Work to complete: Down to the final line, print the records below exactly and without pictures.

Information given:
==========

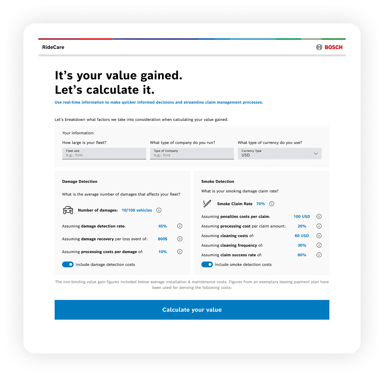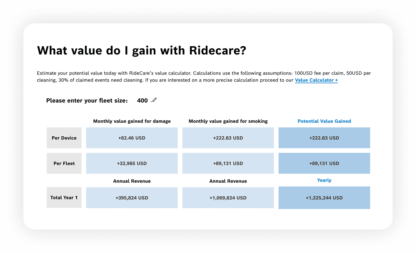 To communicate value more clearly, I designed a simplified calculator that dynamically reflects monthly revenue from damage and smoke detection based on fleet size. Future enhancements could include expanded metrics and long-term value projections.
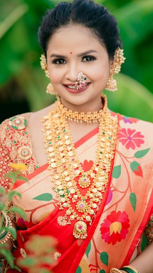 अपूर्वाने सुंदर लाल रंगाची फ्लोरल डिझाईनची पैठणी नेसली आहे.
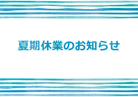 誠に勝手ながら、下記の通り夏期休業いたします。 【夏期休業期間】 2024年 8月10日(土) ~ 8月18日(日)
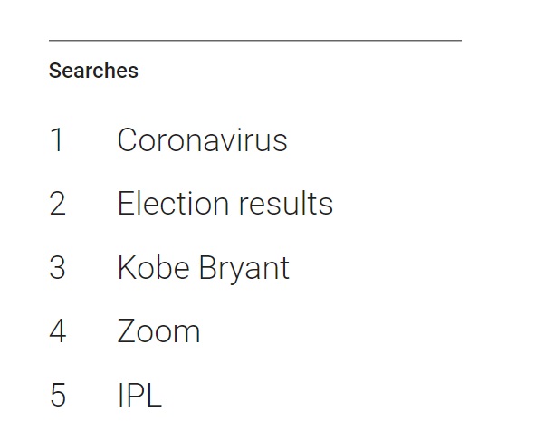 您的位置:首頁 / 行業(yè)資訊 / 谷歌發(fā)布2020年度熱搜榜:新冠病毒搜索量第一
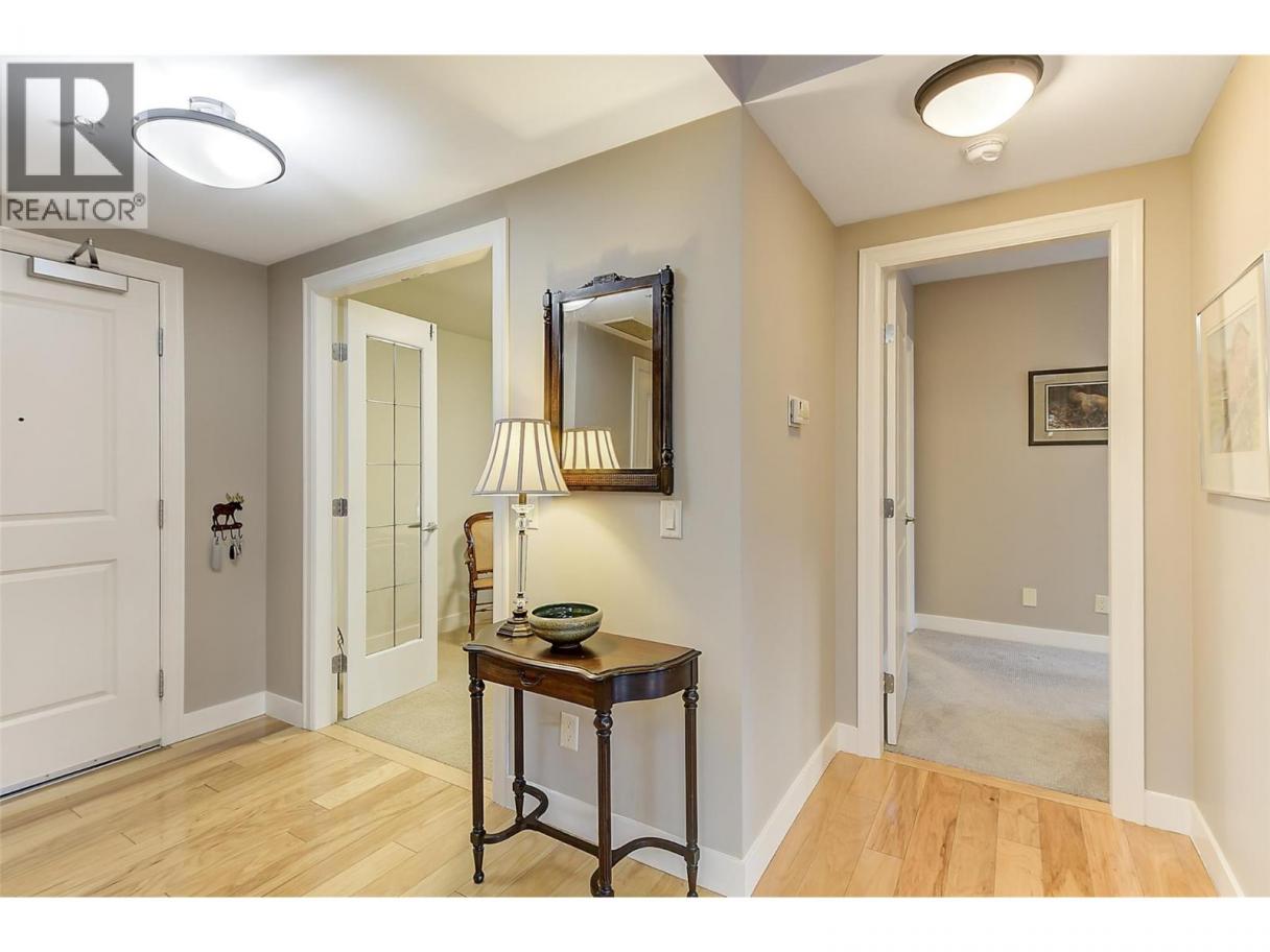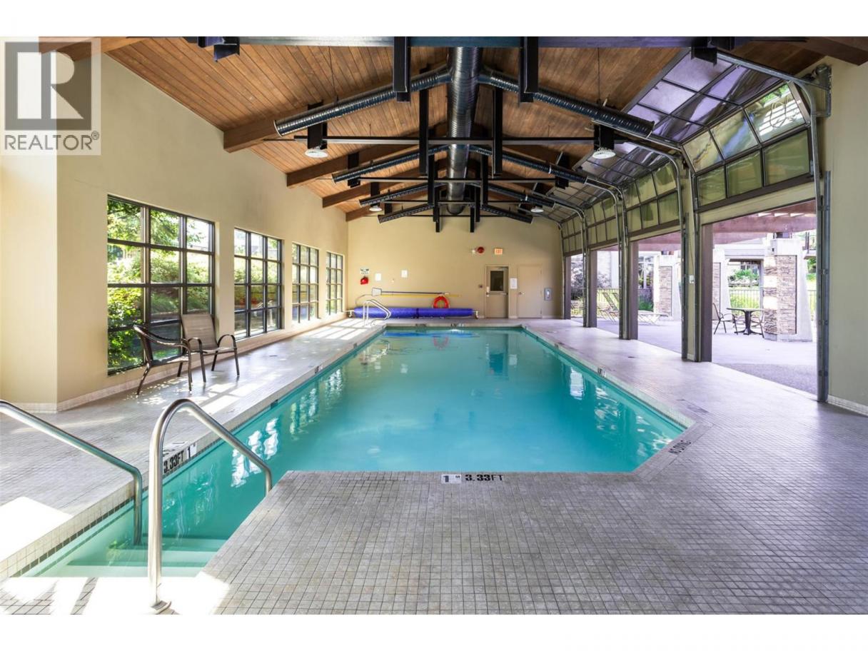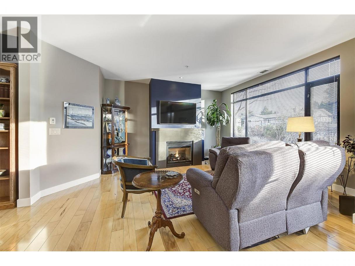 LUXURY LIVING AT UPSCALE 'SOUTHWIND AT SARSONS' only a 10 minute walk to Lake and stunning Sarsons Beach! This stunning 1497 SF Level Entry Condo with a Sun filled South Covered Patio and walk right onto grass and garden. All inclusive Strata Fee includes Heat, Central Air, Water and hot water, landscaping, and amenities. Huge windows flood the open plan with tons of natural light! 9' ceilings, warm decor, hickory hardwood in main living areas, tile in bathrooms and cozy carpets in bedrooms. Large Open Maple Kitchen with generous island, granite counters, oodles of cabinets, and under cabinet lighting. SS appliances, New Bosch dishwasher! Dining area has glass door to a covered concrete patio and garden area for seamless in-out lifestyle. Open Great room features a gas fireplace and huge wall to wall windows bringing the outside in. Double glass doors to a separate office/den off the entry. Luxurious primary bedroom with Extra large 5 piece Ensuite with separate soaker tub/shower, travertine style tile floors, granite counters. Split bedroom design: 2nd bedroom has walk through closet, generous 3 piece bathroom & huge tiled frameless glass shower. Separate laundry rm. Southwinds is a 'Cut Above' in luxury amenities with Gorgeous clubhouse, full Fitness workout center, Massive indoor Pool and Hot tub, & extensive landscaped pond areas, walking trails & gardening opportunities for the green thumb! U/G parking & Extra Huge Storage room. 1 dog or cat, 15"". You will be impressed! (id:6769)

==========

Output of the exercise:
 To communicate value more clearly, I designed a simplified calculator that dynamically reflects monthly revenue from damage and smoke detection based on fleet size. Future enhancements could include expanded metrics and long-term value projections.
 अपूर्वाने सुंदर लाल रंगाची फ्लोरल डिझाईनची पैठणी नेसली आहे.
 誠に勝手ながら、下記の通り夏期休業いたします。 【夏期休業期間】 2024年 8月10日(土) ~ 8月18日(日)
 您的位置:首頁 / 行業(yè)資訊 / 谷歌發(fā)布2020年度熱搜榜:新冠病毒搜索量第一
 LUXURY LIVING AT UPSCALE 'SOUTHWIND AT SARSONS' only a 10 minute walk to Lake and stunning Sarsons Beach! This stunning 1497 SF Level Entry Condo with a Sun filled South Covered Patio and walk right onto grass and garden. All inclusive Strata Fee includes Heat, Central Air, Water and hot water, landscaping, and amenities. Huge windows flood the open plan with tons of natural light! 9' ceilings, warm decor, hickory hardwood in main living areas, tile in bathrooms and cozy carpets in bedrooms. Large Open Maple Kitchen with generous island, granite counters, oodles of cabinets, and under cabinet lighting. SS appliances, New Bosch dishwasher! Dining area has glass door to a covered concrete patio and garden area for seamless in-out lifestyle. Open Great room features a gas fireplace and huge wall to wall windows bringing the outside in. Double glass doors to a separate office/den off the entry. Luxurious primary bedroom with Extra large 5 piece Ensuite with separate soaker tub/shower, travertine style tile floors, granite counters. Split bedroom design: 2nd bedroom has walk through closet, generous 3 piece bathroom & huge tiled frameless glass shower. Separate laundry rm. Southwinds is a 'Cut Above' in luxury amenities with Gorgeous clubhouse, full Fitness workout center, Massive indoor Pool and Hot tub, & extensive landscaped pond areas, walking trails & gardening opportunities for the green thumb! U/G parking & Extra Huge Storage room. 1 dog or cat, 15"". You will be impressed! (id:6769)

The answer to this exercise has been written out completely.